Великому искусству — жизни просто так — можно было научиться только здесь. Русским всегда навязывали «жизнь во имя», поэтому за долгие века они дружно, до неуязвимости, всей нацией адаптировались к ядовитым ветрам сезонно-казённых призывов и гриппоподобным идеологическим модам. Русская толерантность научилась вести свой счёт от гроба. Поэтому никогда не ошибалась и выражала самые сильные свои эмоциональные достижения лаконично — матом. Грэй искренне не понимал, почему русские с таким горячим вожделением говорят о загранице? Почему любящие родители выпихивают своих детей из родного гнезда куда подальше любой ценой? Почему все русские герои мёртвые? И почему героев, преуспевших в настоящем, ожидает лишь лютая зависть соседа? Зоопарк характеров и отсутствие нравственных заграждений умиляли Грэя. И даже русская зависть восхищала переселенца — она была проста и пряма, как детские слёзы. Люди — дети! Они находятся в трогательной зависимости от большого мира: «Дай, пожалуйста... я буду терпеть и стараться... буду послушным и приберу перед сном свои игрушки... я уже умею отличать плохое от хорошего…». Институт просителей — явление интернациональное, но только в России просители — основа государственного устройства. От протянутой руки до протянутых душ.
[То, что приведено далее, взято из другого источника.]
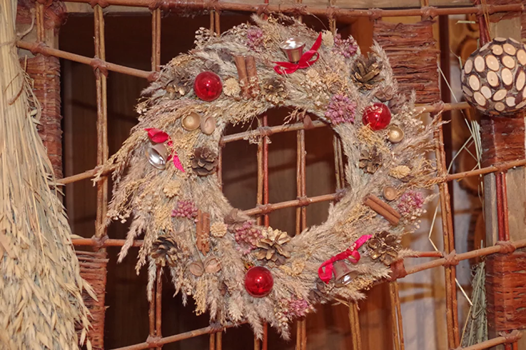Посетители увидят флористические картины с зимними пейзажами, рождественские венки,  композиции из природных
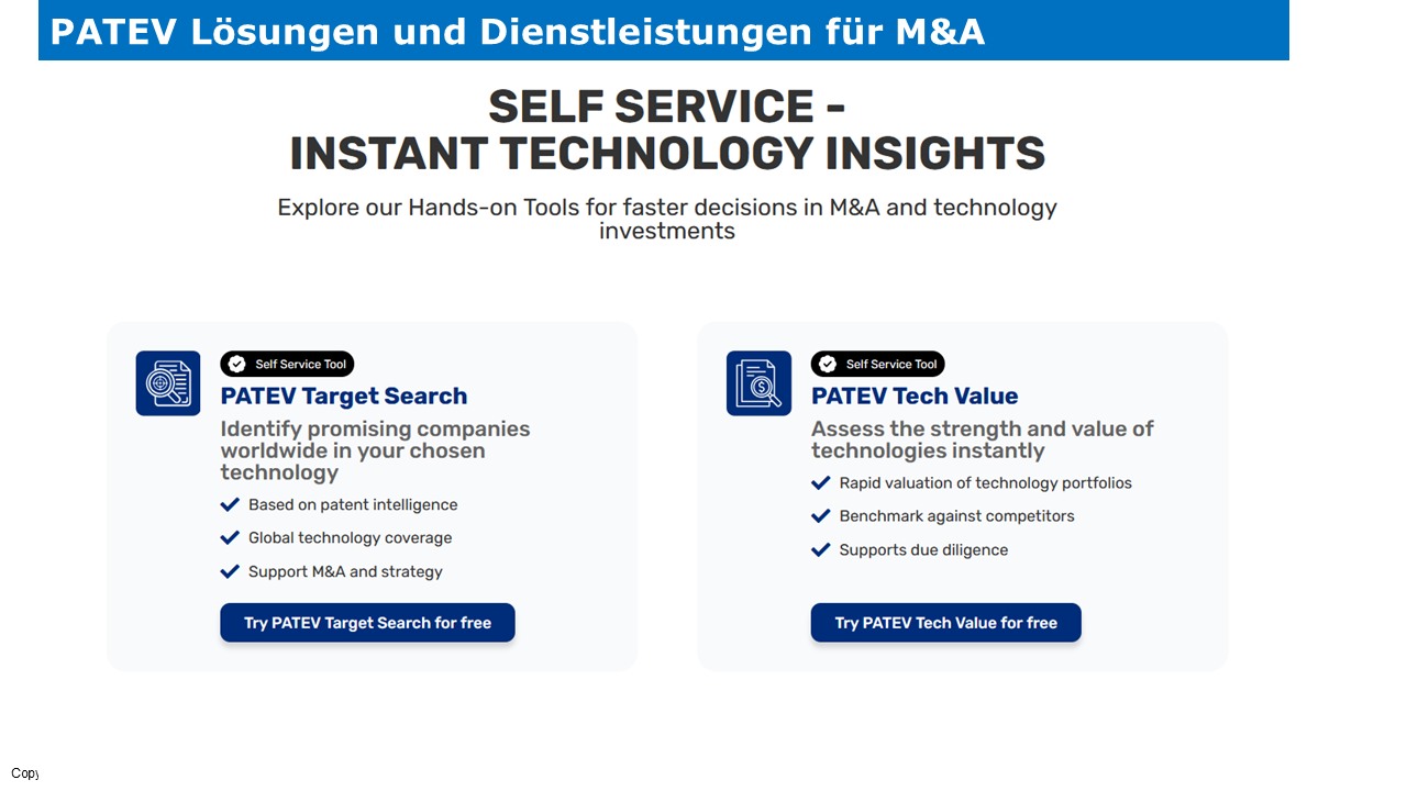 Er illustriert dies anhand von Beispielen wie teilautomatisierter Target-Suche (z.B. durch die PATEV Tech Value Intelligence) oder der automatisierten Analyse und Übersetzung von Due-Diligence-Dokumenten.
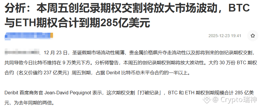 这两天机构增持的消息确实炸了:贝莱德拿了4534枚,BitMine买了6.7万枚,易理华旗下机构更是杠杆猛冲4.6万枚…看起来是“巨鲸集结号”对吧?但你要冷静:机构的钱是“长线布局”,不是来给你拉盘的!他们可能分批建仓几个月,期间价格该跌照样跌。更别忘了——本周五有创纪录的285亿美元期权到期,这可是悬在头顶的“核弹级利空”!

Гуляя по городу, Грэй однажды зашёл в какой-то храм, но довольно быстро покинул печальное место, сообразив, что джазом и степом здесь и не пахнет. Хотя маленькие огоньки, медленно и торжественно изводящие худобу восковых свечей, Грэю очень понравились. Однако сами люди, зажигающие эти огни, напоминали сгоревшие спички, согбенно и покорно стоящие рядом в серых и чёрных одеждах. И не один, не два человека — толпы! Молодые и старые, наделённые лицами, просветлёнными глупостью, и лицами, просветлёнными образованием. Массовое стремление к гипнотехнологиям примитивного самозабвения Грэю не нравилось, но, в конце концов, это тоже было забавно. Казалось, люди специально для него, для Грэя, устраивают этот спектакль… Вот сейчас они не выдержат своего притворства,
рассмеются… Но нет, менялись поколения, чехардой мельтешили времена и флаги, а страсть к притворству — не проходила… Не дай Бог, опомнится кто в толпе, проснётся нечаянно от вечного общего сна — на кол его, супостата, на кол! Непостижимая страна!
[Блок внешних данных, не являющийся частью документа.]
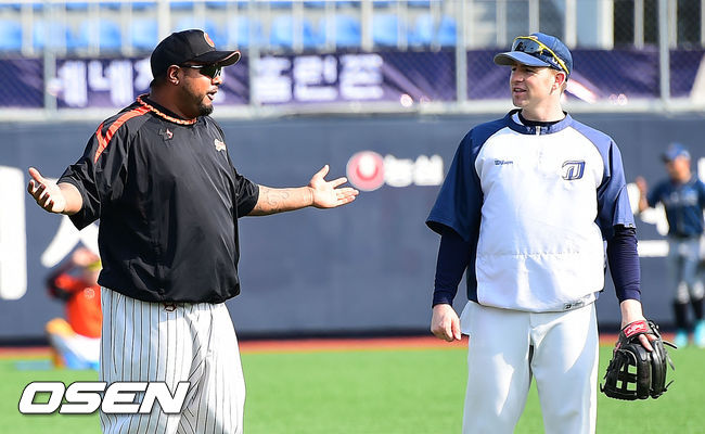 9일 오후 경남 마산구장에서 열린 '2014 한국야쿠르트 세븐 프로야구' NC 다이노스와 롯데 자이언츠의 경기에 앞서 롯데 히메네스와 NC 에릭이 이야기를 나누고 있다.
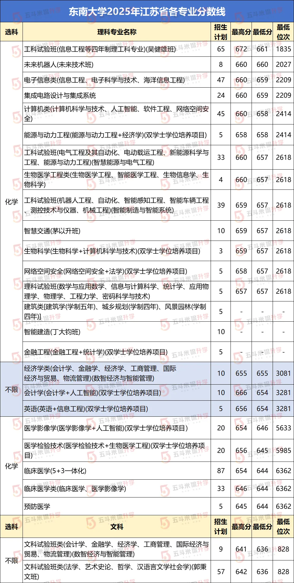 近日,东南大学官方公布了2025年各专业录取分数线,一起来看:
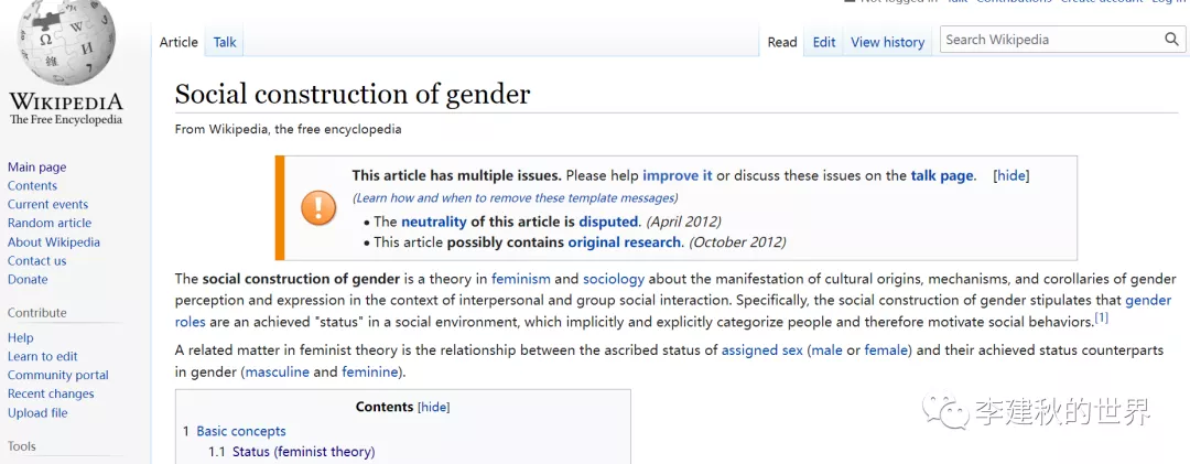 關於這個説法,其實算是老理論了,在維基百科上,甚至有“性別的社會建構”這個詞條:
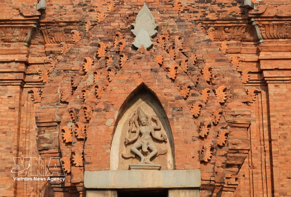 El arco de la puerta de la torre principal presenta un relieve del dios Shiva de pie sobre un pedestal. (Foto: VNA)
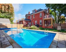 Welcome to Barr Street a rare opportunity to own a stunning 3-storey brick Century Home that blends historic character with thoughtful modern updates. Step inside to find spacious and versatile living areas on the main floor, including a cozy front living room, a bonus family room, a formal dining room, and a bright kitchen with a center island. At the back of the home, a well-designed mudroom with built-in cubbies, abundant storage, heated floors and a 2-piece powder room provides everyday convenience. The second floor hosts four generously sized bedrooms, each with its own closet. The primary bedroom boasts a private 4-piece ensuite a rare feature for a home of this era. Another 4-piece bath services the remaining bedrooms, one of which opens to a large balcony. You will also find laundry on the second level. The third floor offers two additional bedrooms and a 3-piece bath, perfect for guests, teens, or a private office retreat. The lower level includes excellent storage and a workshop. Outdoors, enjoy two covered porches, a back deck, and a fully fenced yard that leads to your own heated inground pool surrounded by interlock stone an ideal setting for relaxing and entertaining. Located on historic Barr Street, this home is just minutes from major amenities and within walking distance of schools, parks, and downtown. A truly special property combining timeless charm with modern family living. (id:61594)
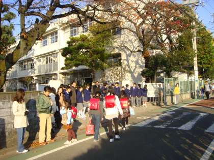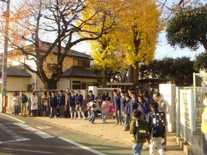 12月2日 ふれあい登校デーでした。素晴らしい天気で、イチョウが黄色く光っています。深沢中学校の1年2組の生徒の皆さんと深沢中学校の校長先生、本校のPTA 役員の皆さんが正門のところで気持ちのいいあいさつをしていました。寒くなると、ついあいさつの声も小さくなりがちです。明日からも、大きな声であいさつを交わし合えるようにしていきたいです。
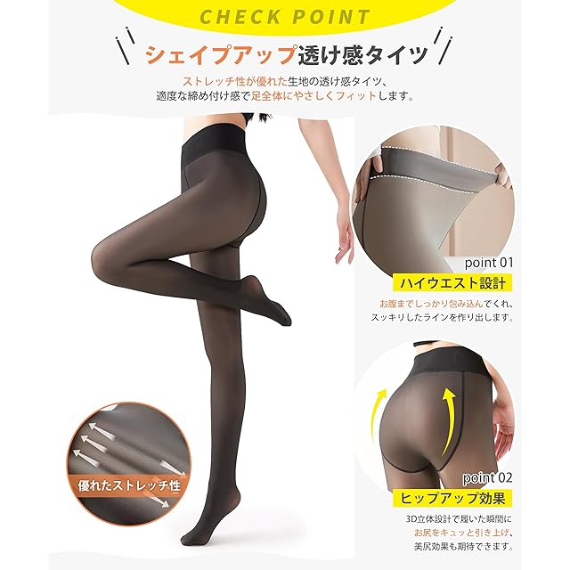 【着圧タイツ・立体美尻美脚効果】ストレッチ性に優れた生地の透け感タイツ、体にぴったりフィットし着脱しやすい。程よい着圧がある裏起毛タイツ、足全体を引き締め、視覚効果で足のラインをスッキリ見せます。ウエスト部分にゴムが付いており、締め付け感が丁度いいと感じた着圧タイツ。お尻を引き上げて支えてくれる立体構造の着圧タイツ、脚長効果も期待できます。
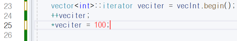 이후 * 연산을 통해 veciter에 100을 대입하면 되겠죠.

Грэя умиляли подростки, свободно писающие на улицах и в подъез-
дах средь бела дня. Забавно было видеть повальное пристрастие нижних социальных слоёв населения к лузганию семечек. Впрочем, люди с достатком с тем же семечковым упорством «лузгали» Интернет. В Городе имелись приличные кафе и рестораны, но среди них не было ни одного, где можно было бы остаться наедине с собой или спокойно поговорить — акустические колонки на корню подавляли своей музыкальной мощью любые попытки человечества пообщаться друг с другом. Грэй подозревал, что в сокровенности каждого из его новых сограждан есть чтото очень мешающее, громкое, в сердце или в голове, что люди тщательно скрывают даже от себя самих, и поэтому предельная громкость телевизоров, музыкальных центров и певцов караоке — это примитивный, но вполне действенный способ заглушить внутренний голос. О чём он, этот голос? Грэй не знал, он не особенно уважал склонность русских к их специфической рефлексии. Жизнь и без того кипела и булькала как потревоженное болото! Тысячи фонарных столбов в городе были заклеены телефонами проституток. Создавалось водевильное впечатление, что этим ремеслом в Городе занимаются даже пенсионеры.

Русский абсурд, не связанный ни исторической оглядкой на достоинство славных предшественников, ни уважаемыми законами общественного мнения, ни созидательным целеустремлением нации, напоминал… воздух, в котором можно было летать и высоко, и далеко. Был бы мало-мальский движок, кое-какие крылышки, да пятачок для разбега и взлёта. Видимость в этом «воздухе» русского времени была, конечно, не велика: тут и там попадались коварные разреженности — провалы и ямы, вдоль и поперёк русского неба носились в сплошном «молоке» оголтелые участники абсурдной гонки на выживание — абсурдные весельчаки вроде Грэя. Летуны составляли активную часть населения страны, в то время как другая часть его либо смешно оплакивала свои невысокие достижения, либо возносилась в параллельные миры браконьерским способом — верхом на бутылке, метле или молитве.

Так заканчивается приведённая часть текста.